Bailarinos, bordadeiras e portuários não ficam de fora
Os profissionais de bailado clássico ou contemporâneo beneficiam do Decreto-Lei n.º 482/99. A pensão pode ser reconhecida aos 55 anos quando existam, pelo menos, dez anos de exercício da profissão a tempo inteiro e com registo de remunerações. Existe ainda acesso aos 45 anos para quem tenha 20 anos de carreira contributiva, dos quais dez no bailado a tempo inteiro. Esta segunda possibilidade continua sujeita à redução prevista no diploma, calculada em função da antecipação relativamente aos 55 anos.
As bordadeiras de casa da Madeira têm um regime criado pela Lei n.º 14/98 e regulamentado pelo Decreto-Lei n.º 55/99. Em 2026, a idade indicada pela Segurança Social é de 60 anos e quatro meses, exigindo-se pelo menos 15 anos de descontos como bordadeira e o exercício da atividade à data do requerimento.
Já o regime portuário do Decreto-Lei n.º 483/99 é bastante limitado. Destina-se aos trabalhadores integrados no efetivo portuário nacional que tivessem completado 45 anos até 31 de dezembro de 1999. Para estes trabalhadores, o guia oficial aponta atualmente para 55 anos e quatro meses, além de 15 anos de atividade portuária registados até ao final de 1999.
Aviação e bombeiros têm enquadramentos diferentes
A idade da reforma dos controladores de tráfego aéreo foi novamente alterada pelo Decreto-Lei n.º 115/2024. Desde a entrada em vigor deste diploma, o acesso à pensão antecipada ocorre aos 60 anos, sendo necessários 22 anos civis com registo de remunerações no exercício de funções operacionais. Referências anteriores a uma idade inferior encontram-se, portanto, desatualizadas.

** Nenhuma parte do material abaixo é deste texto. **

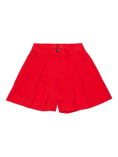Pleats Logo-patch Shorts In Red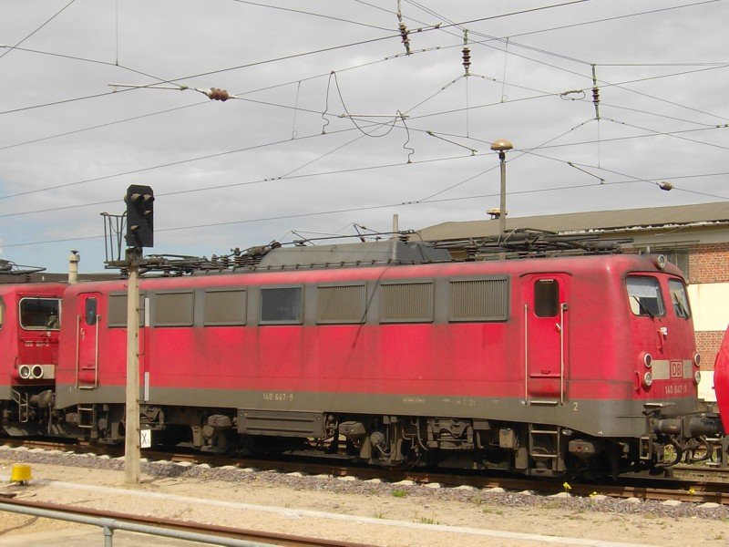Im Bahnhof von Wismar abgestellt. Die 140 647-9.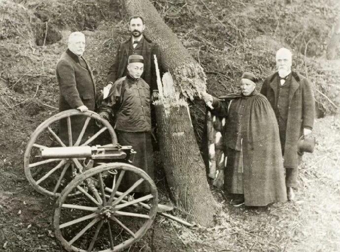 晚清时期的英国,英国人向清朝驻英公使龚照瑷展示马克沁机枪的震撼威力——仅仅半分钟,那棵环腰粗壮的大树便被无情射断,其破坏力在断裂的树干上展露无遗。 上方的英国人齐格蒙洛维身着西式长外套,而年轻的中国面孔龚心湛(龚照瑷侄子)则身着传统中式服装,与其他中外人士一同围绕着机枪与断树,或站或立。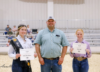 Eliza Rosenhagen, Cheney, left, and Molly Hill, Baldwin City, right, received the Kansas Angus Association Endowment — Angus Foundation Leaders Engaged in Angus Development (LEAD) scholarship at the 2025 Kansas Junior Angus Association Preview Show awards ceremony, June 8 in Hutchinson, Kan. Pictured presenting the scholarships is Cash Schilling, Kansas Angus Association president, center. Photo by Anne Lampe.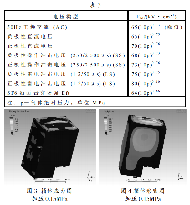 環(huán)網(wǎng)柜殼體形狀不同有箱式和筒式之分。由于箱式結(jié)構(gòu)有利于實現(xiàn)進出線.配電方案的實施,但是箱式在承受壓力的局限性,使箱體不能夠承受太高的壓力。下面介紹一種環(huán)網(wǎng)柜氣箱的設計方法。與氣箱設計有關的環(huán)網(wǎng)柜額定參數(shù)見表1。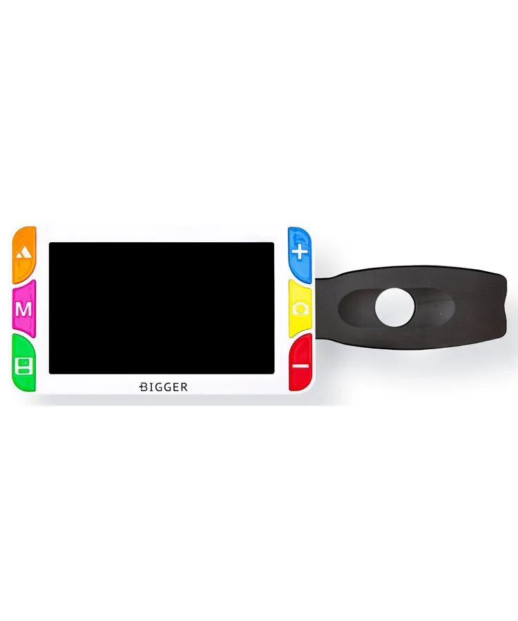 Электронная лупа Bigger B3-50TV – многофункциональный увеличительный прибор. Она снабжена качественным цветным ЖК-экраном, можно выбрать один из контрастных 26 режимов просмотра. Вот некоторые из них: полноцветный, режим повышенной контрастности (улучшения цвета), негатив, монохромный, синий на белом фоне, белый на оранжевом фоне, желтый на зеленом фоне и другие. Диагональ экрана составляет 5, разрешение: 800х480 пикселей, частота смены кадров: 60 в секунду. Максимальное увеличение лупы составляет 48x, минимальное – 4x. Увеличение меняется плавно. У прибора есть две камеры с разным фокусным расстоянием, обе имеют разрешение 3 Мпикс. Благодаря этому при помощи цифровой лупы можно не только читать текст, рассматривать иллюстрации и писать, но и изучать расположенные на большом расстоянии объекты (вывески, номера домов, надписи на остановках). У лупы есть удобная съемная подставка. Яркость экрана регулируется в зависимости от уровня освещенности. Есть отключаемая светодиодная подсветка. Изображения можно сохранить в памяти прибора и просмотреть позднее. Есть возможность подключить электронную лупу к телевизору или монитору ПК: для этого на корпусе есть разъемы RCA и HDMI (кабель RCA идет в комплекте). Увеличительный прибор питается от встроенного аккумулятора, время работы составляет около 4 часов. Столько же времени понадобится для полной зарядки. Для экономии энергии предусмотрена функция автоматического отключения при длительном бездействии. У лупы удобный эргономичный корпус, крупные кнопки с рельефными символами на них. Интересная функция – режим фонарика, который поможет ориентироваться в сумерках или в темном помещении. Цифровая лупа может также служить часами: она умеет выводит на экран крупными символами дату и время.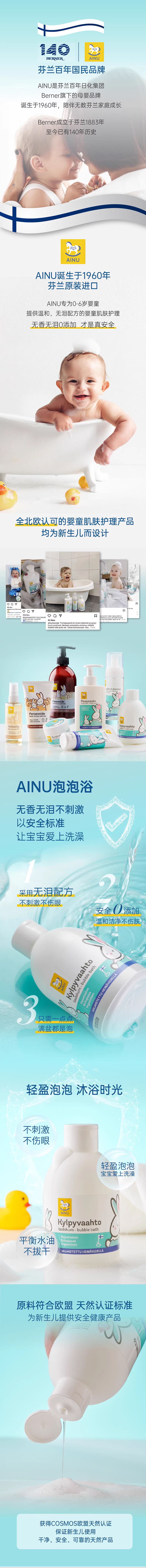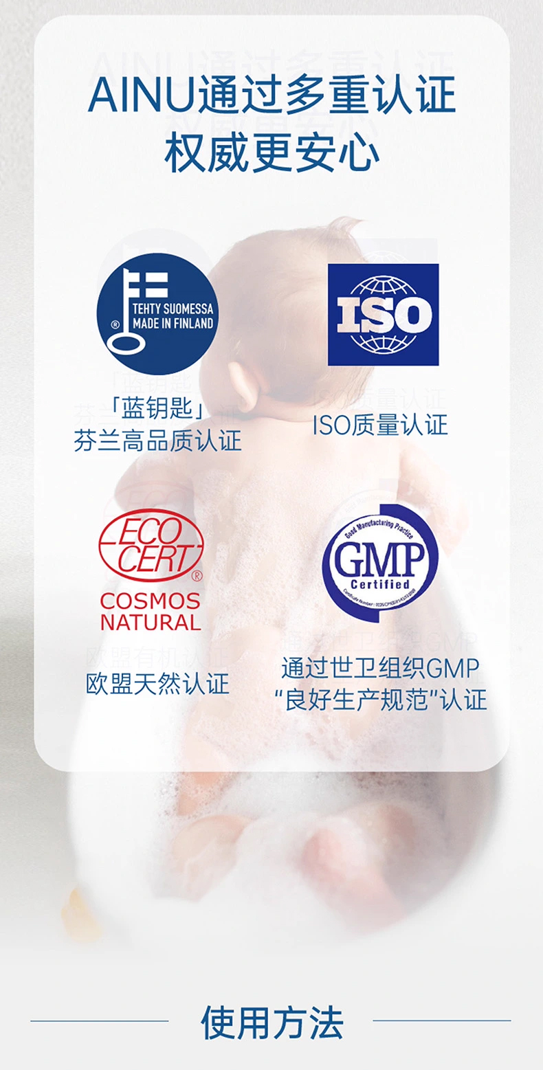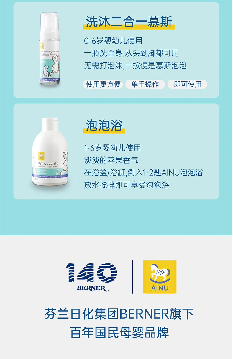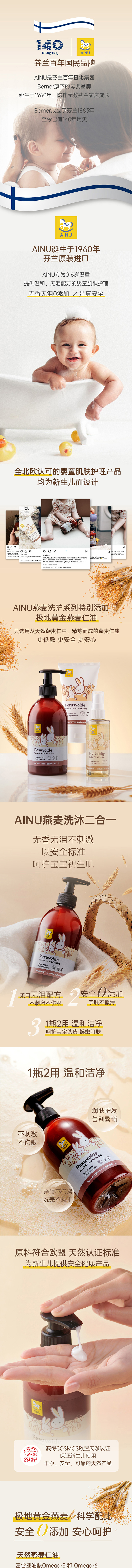 芬兰AINU国民儿童洗护 安心特护系列&燕麦特润系列 低敏温和 无香无泪配方 0有害添加 亲肤不刺激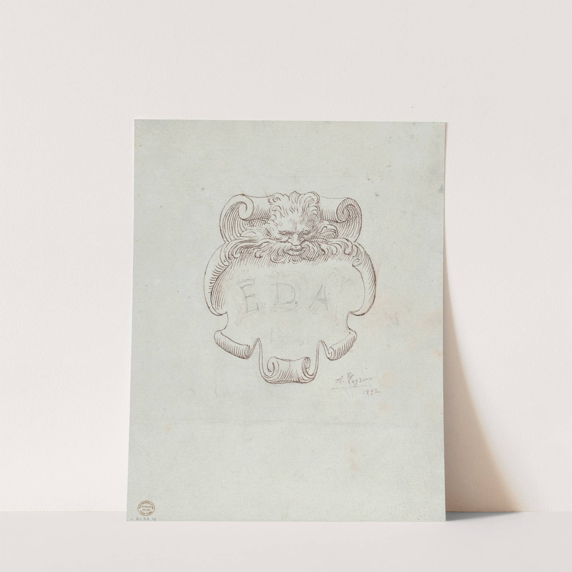 This art print features a detailed, monochromatic pencil sketch of an elaborate frame design centered around the name "EDWARD D. ADAMS." The intricate frame is adorned with swirling patterns and curls that give it a baroque feel, while a small,...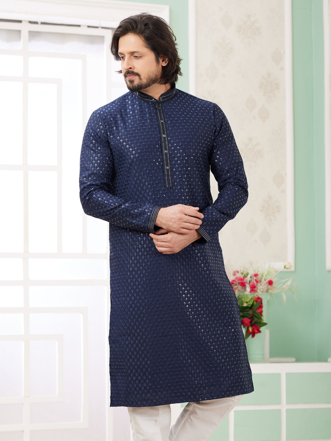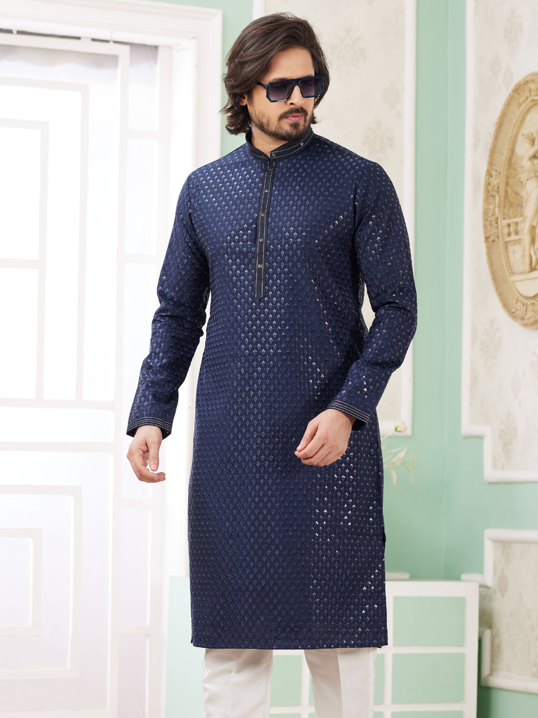 Blue color Kurta in Art Silk fabric with Embroidered, Thread work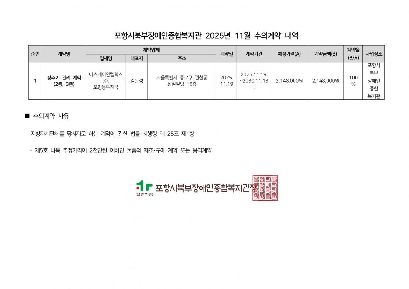 포항시북부장애인종합복지관 2025년 11월 수의계약 내역 공개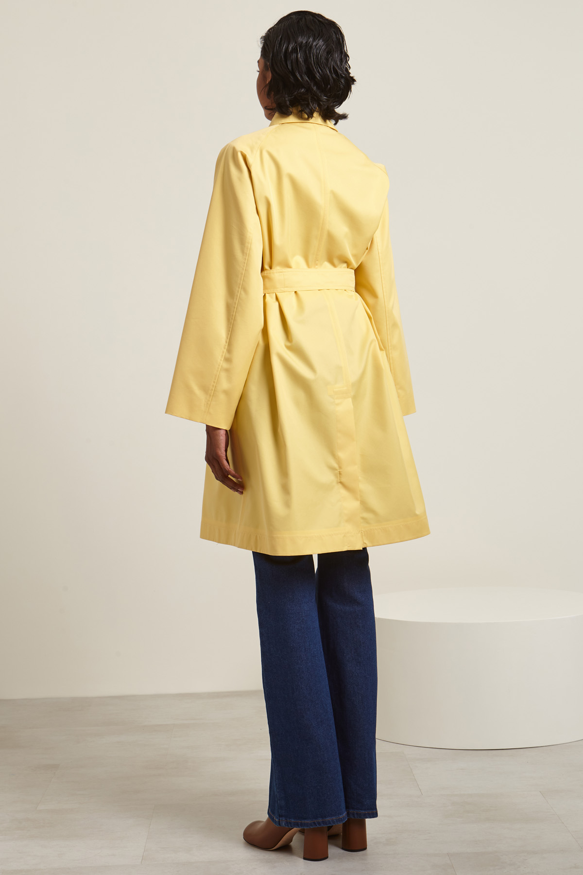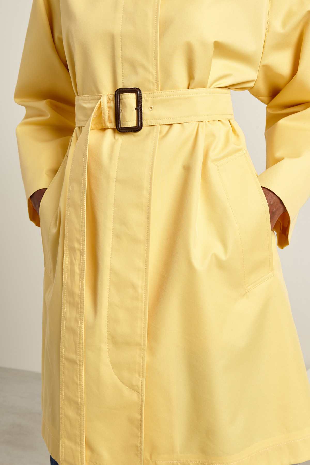 Trench dalla linea dritta realizzato in gabardina di misto cotone con colletto a camicia, maniche lunghe raglan, tasche a filettone e spacco nel retro. Allacciatura nascosta tramite bottoni e cintura coordinata. Capo semifoderato.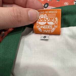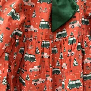 Tamal Con Merengue Modelo 1965 long sleeve dress size 8. Red background with large green bow at neckline featuring green VW vans and pink trucks hauling Christmas trees. So cute and festive for Christmas! Excellent condition.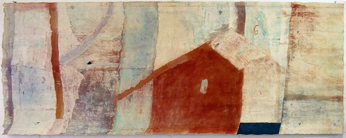 Silketrykkmaling og tekstilfarge malt og trykket på bomullslerret og laminert silkepapir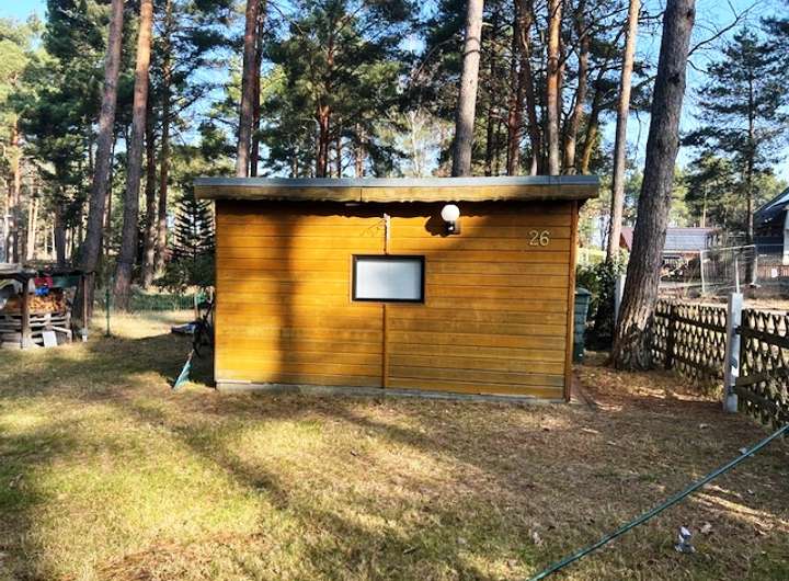 Das idyllische Waldgrundstück ist bebaut mit einem 24 m² großem Wochenendhaus im Bungalowstil, errichtet etwa im Jahre 1970, und 2 geräumigen Schuppen. Der Bungalow zeichnet sich durch seine durchdachte Raumaufteilung mit dem offenen gestalteten Wohnbereich und seine verhältnismäßig großen Fenster aus. Insgesamt befindet sich dieser Bungalow in einem modernen und liebevoll gepflegten Zustand. Der perfekte Rückzugsort vom Alltagsstress.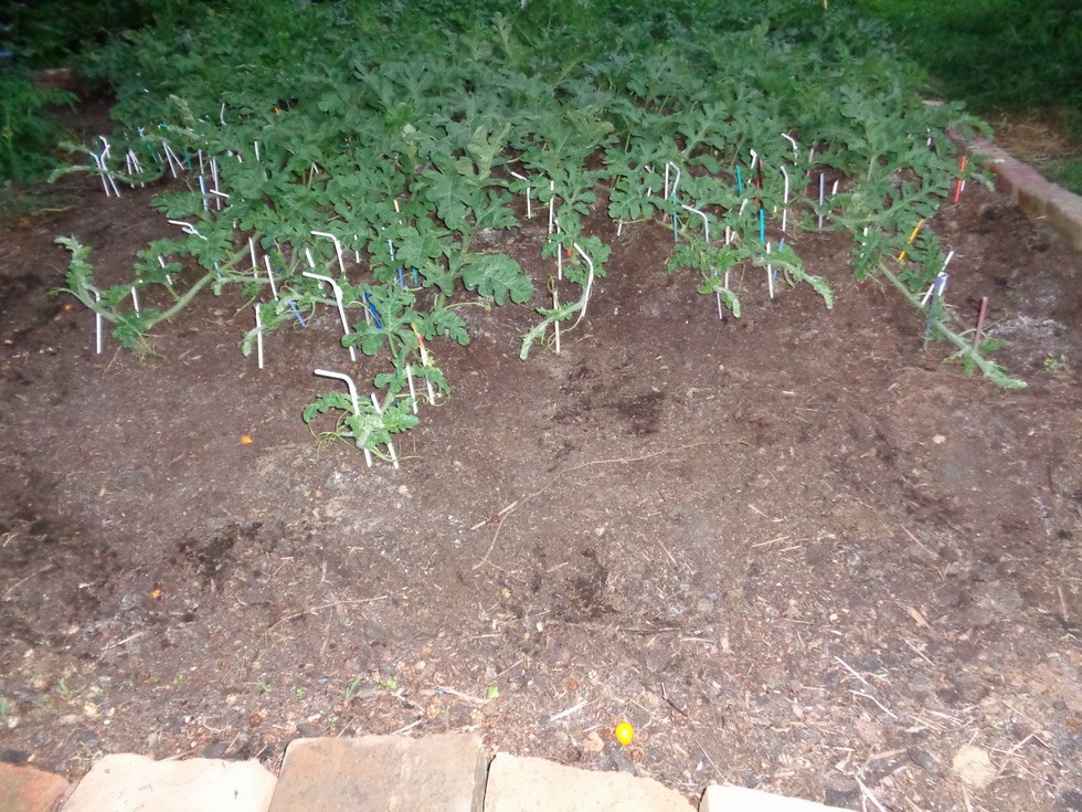 I counted 17 runners that are racing to the edge of the bed. I have stopped all other vine growth and this seems to have stimulated the ones that have been left to grow. When they get to the edge I will terminate their growth and allow a little growth to emerge elsewhere to replace leaves that will be getting old.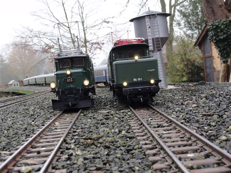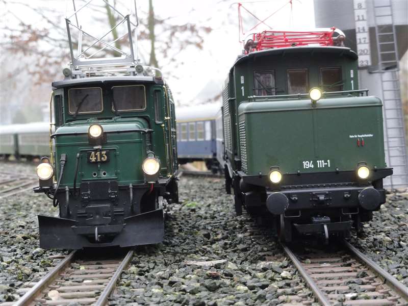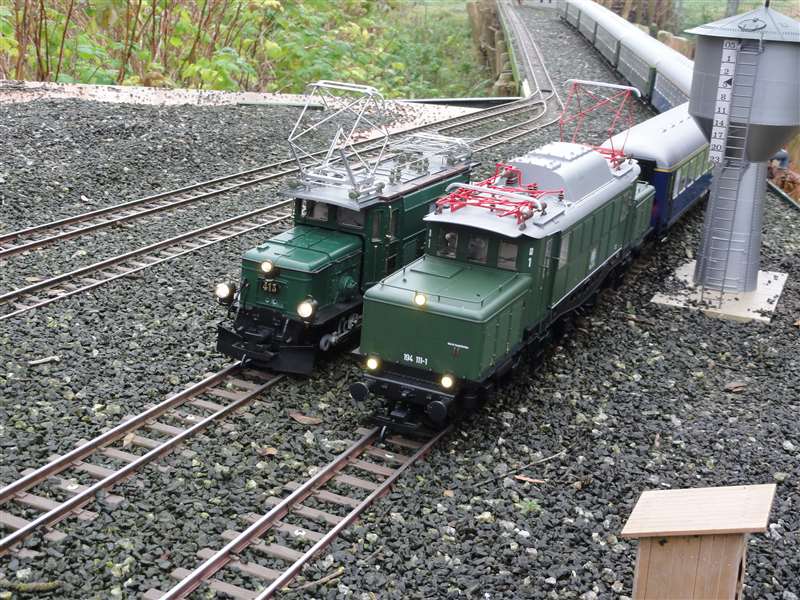Ich habe gleich mal alle meine DB-Reisezugwagen angehängt und eine Probefahrt gemacht. Nach nicht einmal einer Runde blieb die Lok stehen mit blinkenden Lichtern. Eine Reaktivierung der Lok war nur durch Stromlos setzten der Lok für min. 2Min möglich. Ich ließ die Lok dann mit kürzeren Zügen fahren. Dieses Abschalten konnte ich allerdings selbst mit 3 Güterwagen nach einiger Zeit feststellen.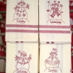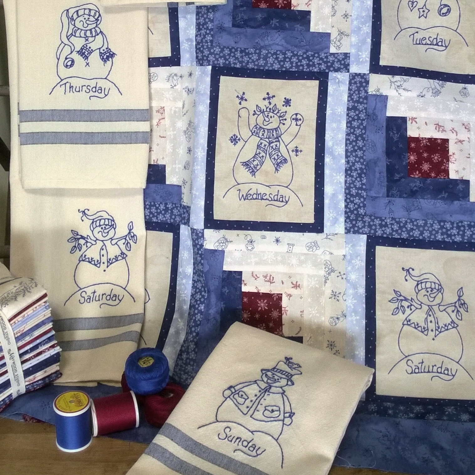 8 Snowmen Designs to embroider on Blue Tea Towels for your kitchen OR make them into a fun Winter Quilt to decorate your home....very cheerful quilt for dreary days! The Snowmen look great in bright Robin Red too on a Red Striped Towel.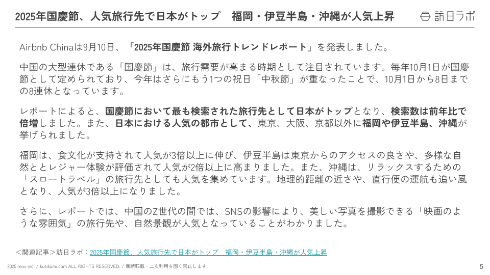 <関連記事>訪日ラボ:2025年国慶節、人気旅行先で日本がトップ 福岡・伊豆半島・沖縄が人気上昇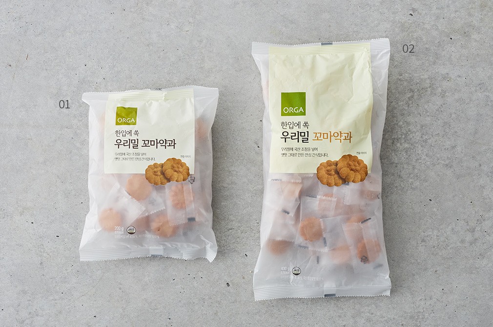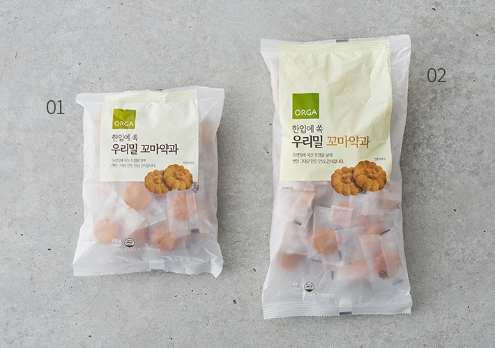 01~02. 한입에 쏙 들어오는 우리밀 꼬마약과?선택 가이드:①1봉(200g),②1봉(400g) 중 선택하세요.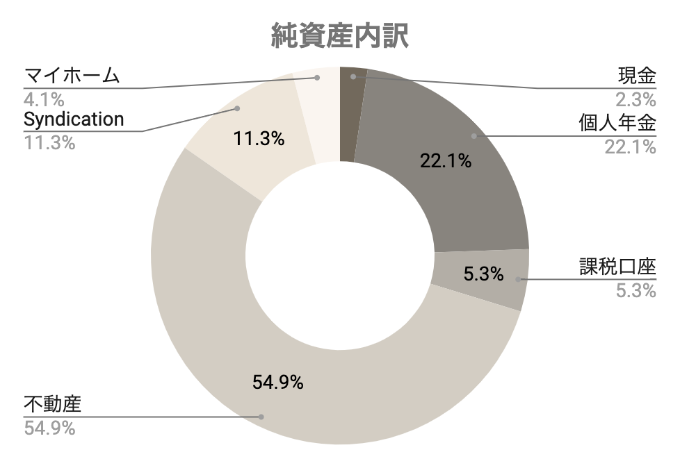 投資用の住宅ローン負債(良い借金)は全て家賃収入で賄えています。あまりレバレッジを掛けすぎないようにLoan to Valueを低めに抑えて責めすぎない投資を心がけています。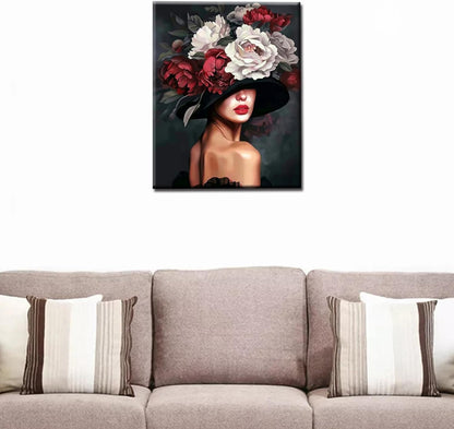 Belle femme avec un chapeau de fleurs Peinture par numéros

Para pilotos comandantes e copilotos de aeronaves de transporte comercial, o Decreto-Lei n.º 156/2009 fixa a idade nos 65 anos. O benefício especial está sobretudo na bonificação do tempo de serviço: consoante a carreira existente no final de 2001, a bonificação pode corresponder a 15% ou 10% do período trabalhado como piloto. O diploma permite um acréscimo adicional, mediante o pagamento de contribuições, mas isso não significa que todos os pilotos tenham automaticamente direito a reformar-se muito antes dos 65 anos.
O mapa atual inclui ainda os bombeiros sapadores e os bombeiros municipais. O Decreto-Lei n.º 87/2019 determina uma redução de seis anos relativamente à idade normal da pensão de velhice. Como essa idade está fixada em 66 anos e nove meses em 2026, o acesso ocorre, em regra, aos 60 anos e nove meses. Este regime refere-se às carreiras profissionais identificadas no diploma e não deve ser automaticamente alargado a todos os bombeiros voluntários.
Profissões de desgaste rápido no IRS são outra realidade
A expressão profissões de desgaste rápido também aparece no artigo 27.º do Código do IRS, mas com uma finalidade diferente. A norma permite deduzir ao rendimento determinados prémios de seguros de doença, acidentes pessoais e vida, dentro das condições legais e até ao limite de cinco vezes o Indexante dos Apoios Sociais.
Para esta dedução fiscal, o Código do IRS considera profissões de desgaste rápido as dos praticantes desportivos, mineiros e pescadores. A classificação serve para efeitos tributários e não atribui, isoladamente, o direito a uma pensão de velhice antecipada.